Qualitative research allows individuals to speak with their own voices, to discuss their own concerns and priorities using concepts meaningful to them. Local terms and concepts related to health, illness and population are often different from those familiar to public health experts. Studies that evaluate the experiences of clients who use a medical service, that assess the quality of a family planning service, or that measure the understanding of survey questions by respondents must discover how local concerns are formulated. Qualitative methods are well suited to do just that.

Qualitative research is funded under MEASURE DHS to meet the needs of USAID missions seeking answers to specific questions about their programs, and to respond to requests for studies from USAID Washington. Topics for qualitative research may also come from collaborating agencies or from a core research agenda relating to a substantive area to be investigated in public health or anthropology.
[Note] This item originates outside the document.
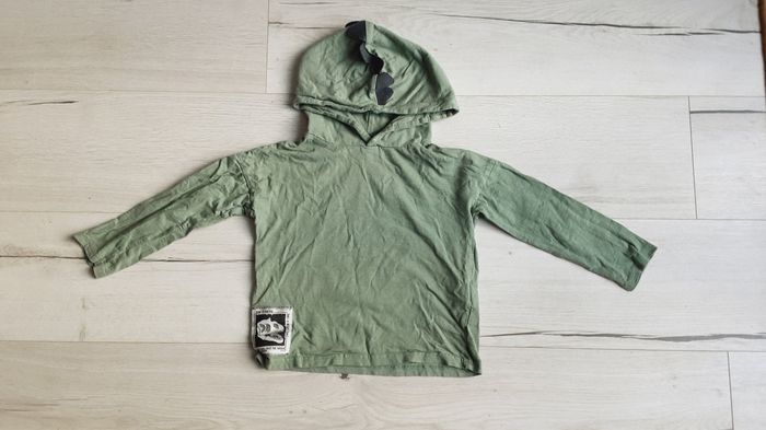 Vêtement garçon tee-shirt manches longues à capuche Vert motif dinosaure Kiabi 4 ans - photo numéro 1
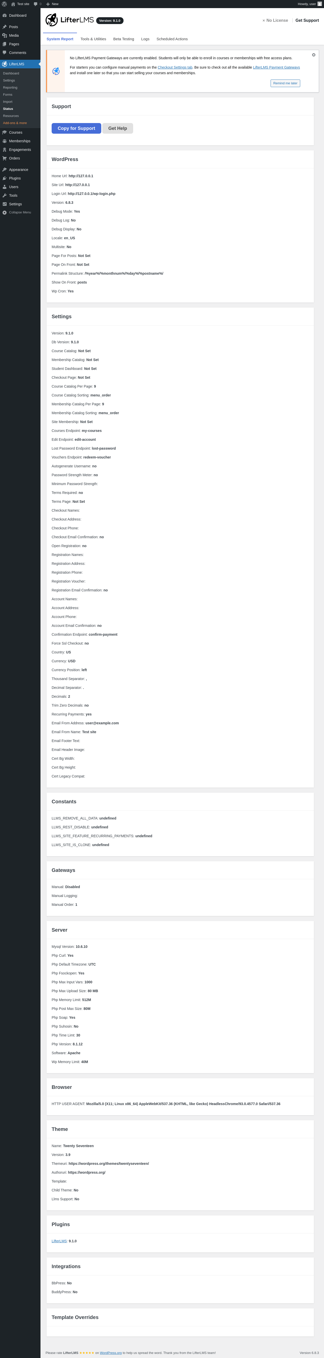 Database Tables 11 wp_lifterlms_api_keys wp_lifterlms_events wp_lifterlms_events_open_sessions wp_lifterlms_notifications wp_lifterlms_product_to_voucher wp_lifterlms_quiz_attempts wp_lifterlms_sessions wp_lifterlms_user_postmeta wp_lifterlms_voucher_code_redemptions wp_lifterlms_vouchers_codes wp_lifterlms_webhooks Options wp_options 76 _llms_first_time_setup_redirect action_scheduler_lock_async-request-runner action_scheduler_migration_status lifterlms_captcha lifterlms_certificate_default_size lifterlms_certificate_default_user_defined_height lifterlms_certificate_default_user_defined_unit lifterlms_certificate_default_user_defined_width lifterlms_checkout_force_ssl lifterlms_checkout_page_id lifterlms_content_protection lifterlms_country lifterlms_currency lifterlms_currency_position lifterlms_current_version lifterlms_db_version lifterlms_decimal_separator lifterlms_decimals lifterlms_email_footer_text lifterlms_email_from_address lifterlms_email_from_name lifterlms_email_header_image lifterlms_enable_myaccount_registration lifterlms_errors lifterlms_favorites lifterlms_first_time_setup lifterlms_membership_required lifterlms_memberships_ordering lifterlms_memberships_page_id lifterlms_memberships_per_page lifterlms_myaccount_achievements_endpoint lifterlms_myaccount_certificates_endpoint lifterlms_myaccount_confirm_payment_endpoint lifterlms_myaccount_courses_endpoint lifterlms_myaccount_courses_in_progress_sorting lifterlms_myaccount_edit_account_endpoint lifterlms_myaccount_favorites_endpoint lifterlms_myaccount_grades_endpoint lifterlms_myaccount_lost_password_endpoint lifterlms_myaccount_memberships_endpoint lifterlms_myaccount_notifications_endpoint lifterlms_myaccount_orders_endpoint lifterlms_myaccount_page_id lifterlms_myaccount_redeem_vouchers_endpoint lifterlms_prevent_concurrent_logins lifterlms_prevent_concurrent_logins_roles lifterlms_recaptcha_min_score lifterlms_recaptcha_secret_key lifterlms_recaptcha_site_key lifterlms_recurring_payment_retry lifterlms_registration_require_agree_to_terms lifterlms_retake_lessons lifterlms_shop_courses_per_page lifterlms_shop_ordering lifterlms_spam_protection lifterlms_terms_page_id lifterlms_thousand_separator lifterlms_tracked_event_saving_frequency lifterlms_trim_zero_decimals lifterlms_turnstile_secret_key lifterlms_turnstile_site_key llms_admin_notice_no-gateways llms_admin_notices llms_erasure_request_removes_lms_data llms_erasure_request_removes_order_data llms_forms_username_locations llms_grant_site_access llms_helper_version llms_permalinks llms_privacy_notice llms_rest_version llms_review llms_site_url llms_terms_notice widget_course_progress widget_course_syllabus Custom Post Types 19

Studies are also often designed in relation to a DHS survey to improve the way questions are asked and how answers are formulated, provide contextual information for implementing a survey, or further interpret DHS findings.

View Qualitative Research Publications

How can results of qualitative studies be used?

To make health policy

  • Knowing how HIV/AIDS is understood and acted upon in a population enables planners to make informed decisions about treatment and prevention policies and programs.
  • Knowing how couples use contraception or why they do not use it enables service planners to make more informed decisions about the types of family planning methods to offer in their programs.

To revise clinical standards

  • Clinical standards such as those for counseling on contraceptive side effects can be adapted for a population by knowing how women and men understand the human body and how they use contraceptive methods.

To focus and improve the training of providers

  • Sources of chronic miscommunication between providers and clients can be identified and addressed.

To design health education and dissemination strategies

  • Identifying patterns and understandings related to what constitutes good health and ill health in a population allows for more focused health education.
  • Identifying key players in decision-making or health seeking processes and channels of information flow allows for the creation of more efficient strategies for education.
  • Identifying practices already present in the population can help to promote a health education strategy.